In last week's reading in Mark 14 my study notes stated that the sinless Son of God took on our sins and was separated from God for a while. I couldn't wrap by brain around Jesus being separated from God. The notes today explaining Jesus' words "My God, my God, why have you forsaken me" state that Jesus knew that he would be temporarily separated from God the moment he took upon himself our sins. This separation was what he dreaded as he prayed in Gethsemane. The physical agony was horrible but the spiritual separation from God was the ultimate torture. That kind of makes sense, in that God couldn't take our sins so for a moment Jesus was not part of God. That's still hard to understand--help!
Yeah, I struggle with comprehending that, too. HE was fully human, yet fully GOD. Being someone who is only fully human, I can't grasp that dual existence entirely. Being temporarily separated from yourself...can't imagine what that would be like.
This is getting deep...
I agree with the notes from Vicky's study Bible. But I also agree that this is complicated and we are limited in our understanding. J, I don't know if I agree with your premise. When Christ took on our sin, He was not like a Christian (forgiven and accepted). When He became sin, He was rejected. I think that is why He asked, "Why have you forsaken me?" He was totally separated from God, at least momentarily (maybe three days??? That's not the important part). It would seem more appropriate to compare Christ's moment of death with that of a lost sinner than a Christian. Of course, that is a complete injustice but it was His choice. He knew it was the will of God (His will also) and He also knew He would overcome. I don't know, what do you think?

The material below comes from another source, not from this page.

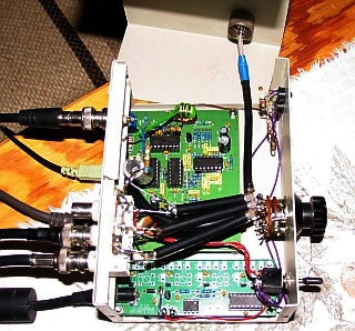 Hier noch einmal ein Blick in das Innere des Gerätes. Im Vordergrund die ELEKTOR Preselectorplatine (noch ohne Spulen)

This is hard to understand.What is harder to understand is how anyone could say Jesus is not the messiah after all the Old Testament prophesies about Him were fulfilled. Is is amazing that He had the power to stop the crucifician at any time. I'm glad He didn't.
Frankly, we are getting into issues too complicated to discuss in this format. I agree Jesus' words had the dual purpose of conveying his present situation and taking his listeners back to the Psalm. It wasn't a mistake that He quoted Scripture. But these words also accurately described His experience. The rest we will have to table for another time. The only thing we need to be able to say with confidence is that Jesus died for us and He remains our only hope.